Yes. On 10 December 1941, IJN G4M1 + Mitsubishi G3M Nell torpedo bombers attacked Royal Navy Force Z (HMS Prince of Wales battleship + HMS Repulse battlecruiser) off the coast of Kuantan, Malaya. About 50 G4Ms + G3Ms delivered torpedo attacks that sank both capital ships in ~80 minutes — the first capital warships sunk by aerial torpedo attack while at sea + a turning point in naval doctrine that demonstrated battleships were vulnerable to land-based bombers without air cover. The action effectively ended the era of battleships' dominance in naval warfare.
Poor fuel-tank + crew protection.

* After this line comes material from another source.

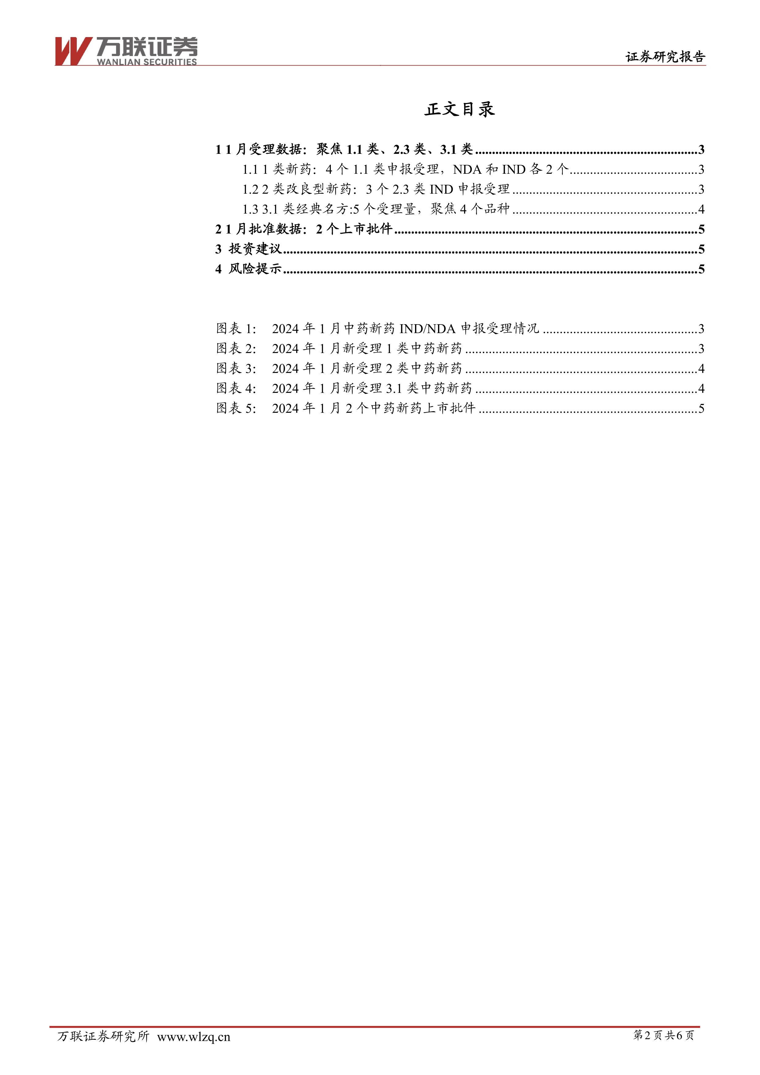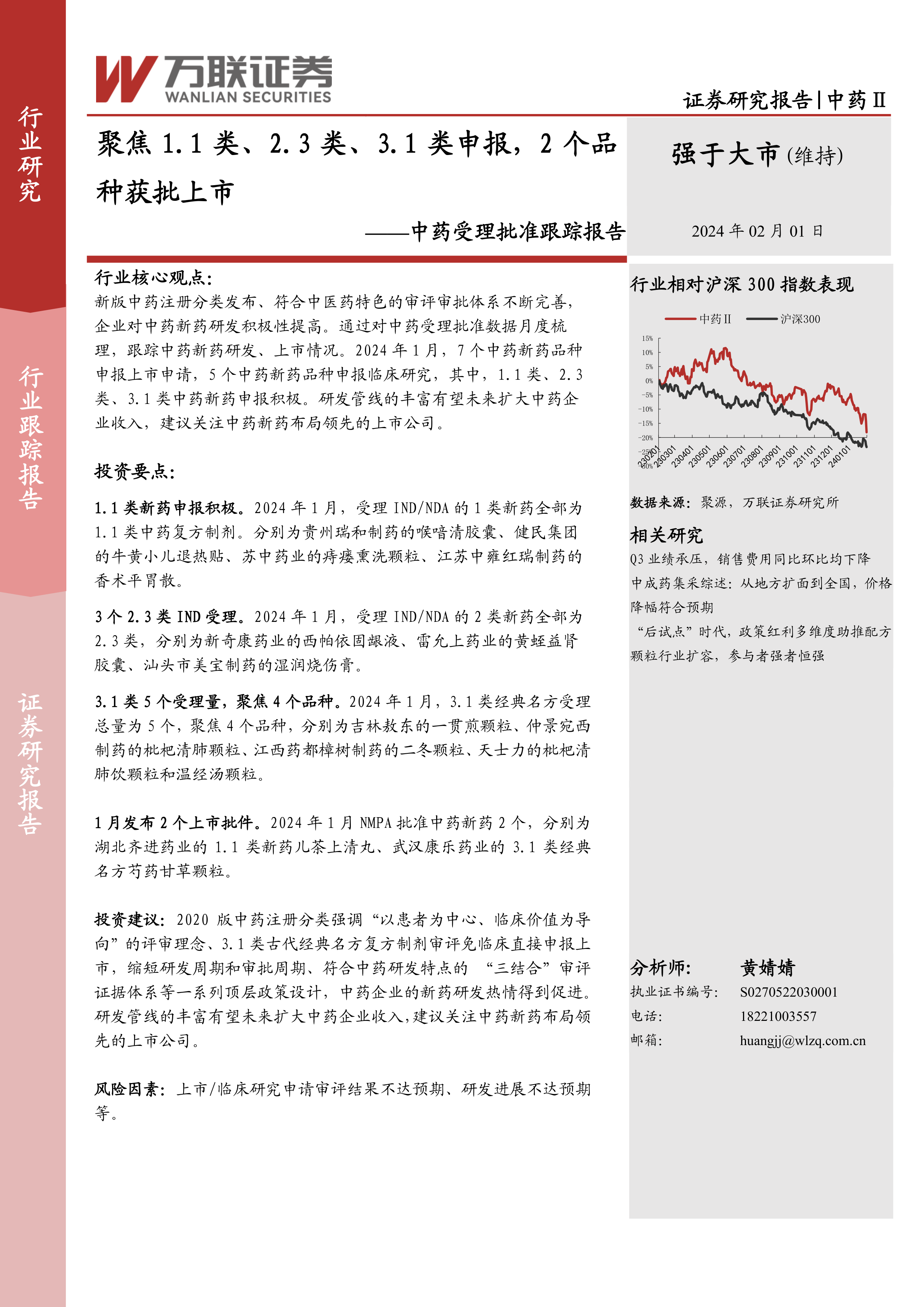 本报告的核心观点是:2024年1月,中国中药新药研发申报呈现积极态势,尤其在1.1类、2.3类和3.1类中药新药方面表现突出。新版中药注册分类的发布以及审评审批体系的完善,促进了中药企业研发积极性。 研发管线的丰富有望提升中药企业未来收入,建议关注中药新药布局领先的上市公司。

The G4M's wing-mounted fuel tanks were unarmoured + uninsulated — Allied incendiary rounds easily ignited the gasoline + caused catastrophic fuel-fire losses. Japanese designers prioritised range over survivability — the 6,000 km range required maximum fuel capacity + minimum weight, sacrificing armour. Allied pilots noted that even minor fighter-fire damage often caused G4Ms to burst into flames; the nickname "flying lighter" + "one-shot lighter" became standard Allied references to the type.